Problemas de sonido del escenario Mahou al margen, fue otra gran edición del Lion Rock Fest. Horarios cumplidos a rajatabla, muy buenos shows, gran ambiente, una organización prácticamente intachable y, ya lo dijimos el año pasado, un recinto de ensueño. Desde luego todos los mimbres necesarios para erigirse en una de esas citas obligadas dentro de nuestra geografía.

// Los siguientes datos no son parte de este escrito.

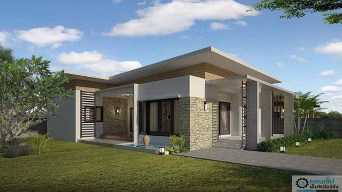 Read Moreแบบบ้านชั้นเดียวสไตล์โมเดิร์น โทนสีสบายตา หลังคาเพิงหมาแหงน พร้อมด้วยระเบียงเพื่อการพักผ่อน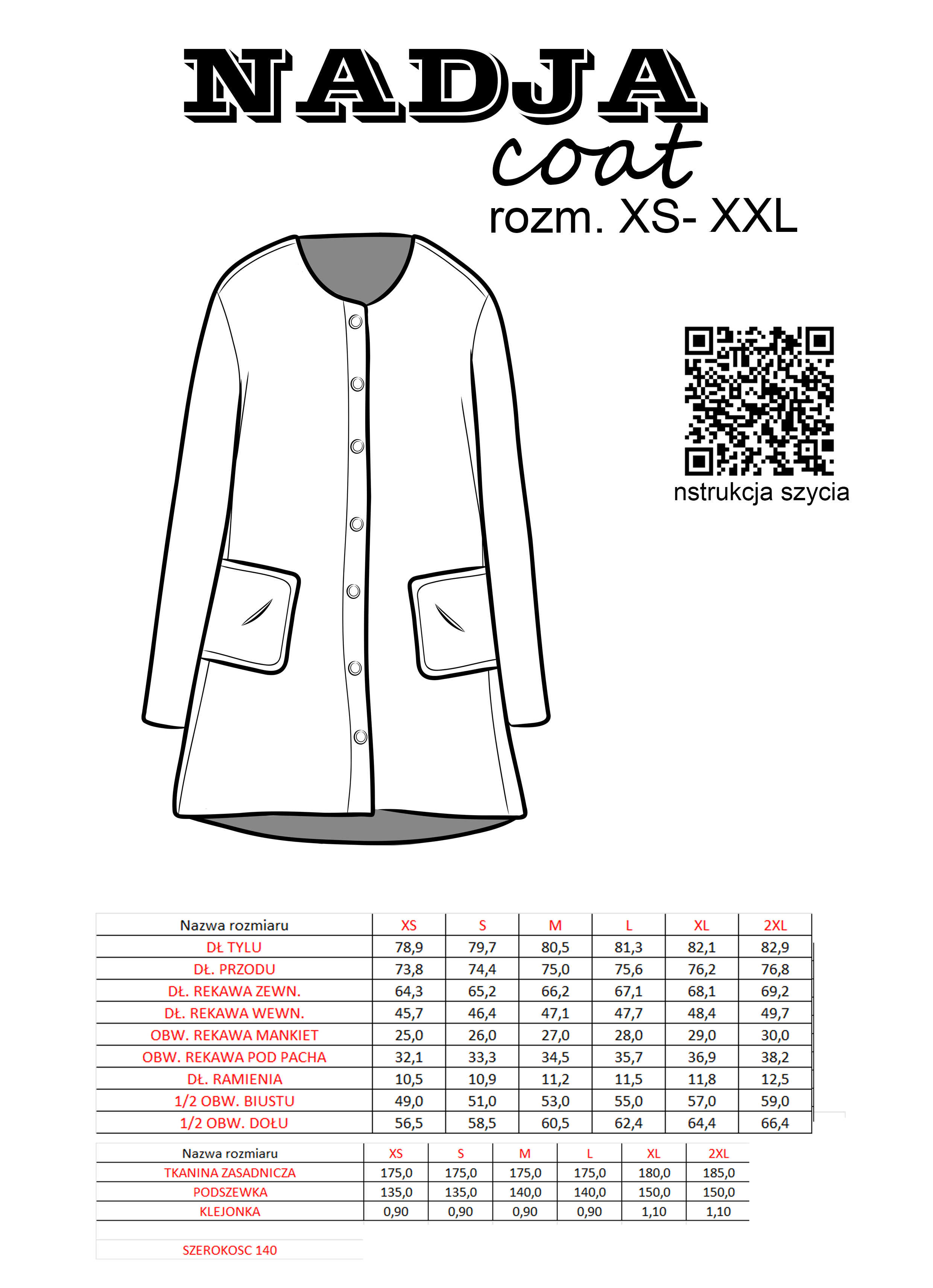Nadja Coat - wykrój PAPIEROWY na damski płaszcz - rozm. XS - XXL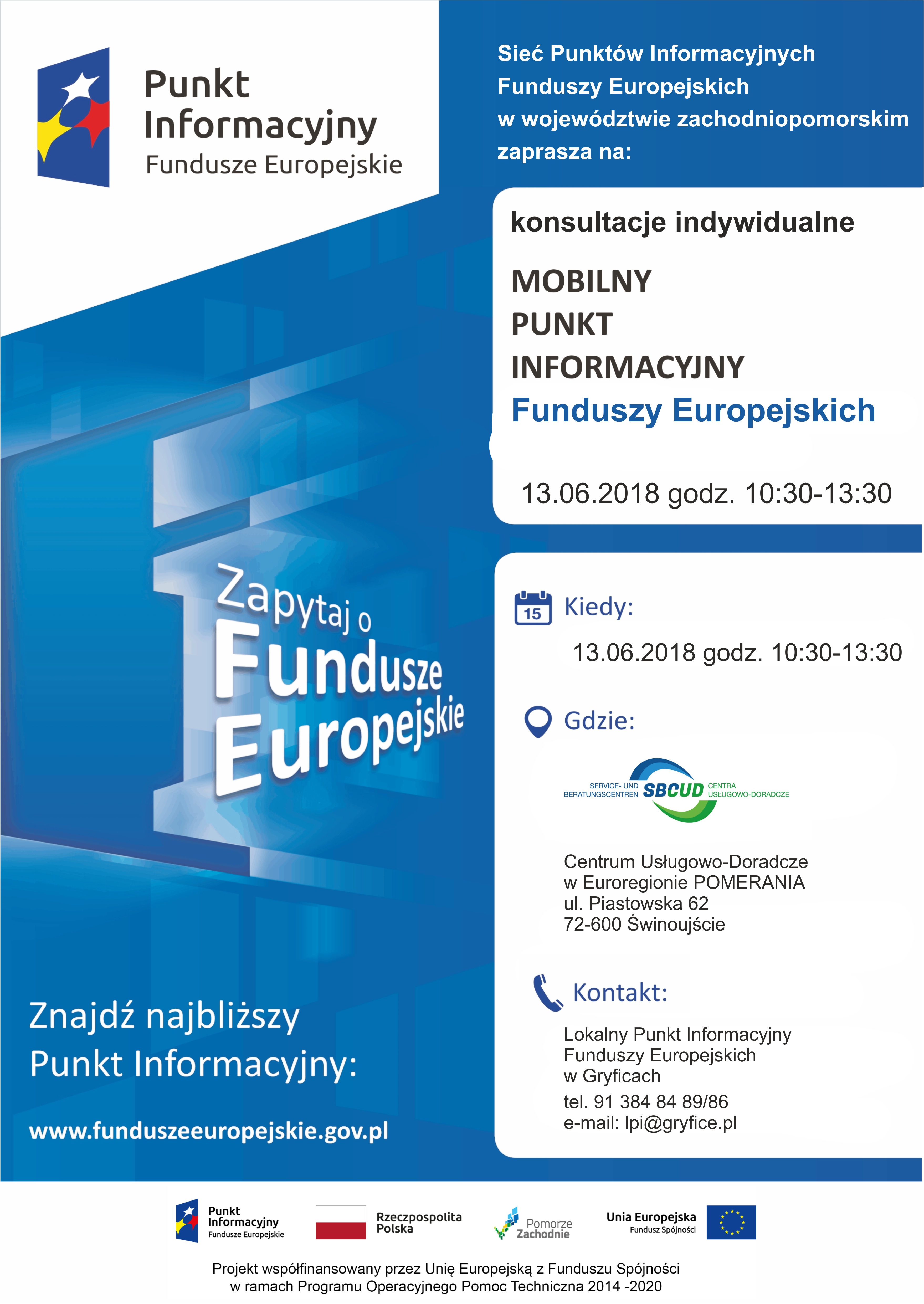 Szanowni Państwo, uprzejmie informujemy, że w siedzibie Centrum Usługowo- Doradczego przy ul. Piastowskiej 62 uruchomiony został stały dyżur Punktu Informacyjnego Funduszy Europejskich w ramach Mobilnego Punktu Informacyjnego.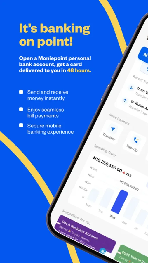 1: Send and Receive Money with Ease: With Moniepoint, you can effortlessly send and receive money instantly. Say goodbye to the hassles of traditional banking and enjoy instant and secure transfers at your fingertips. No queues, no paperworks, instant alert notification.

Muy mal se nos tiene que dar en Heavy Metal Brigade para que de aquí en doce meses no estemos dando cuenta de la futura tercera edición. Mientras llega no cabe más que agradecer a la organización el trato y todas las facilidades dispuestas de cara a la confección de esta crónica, así como mandar también un saludo a los habituales de siempre, ni siquiera fuera del Principado faltáis a la cita, y ya sabéis: nos vemos en el siguiente.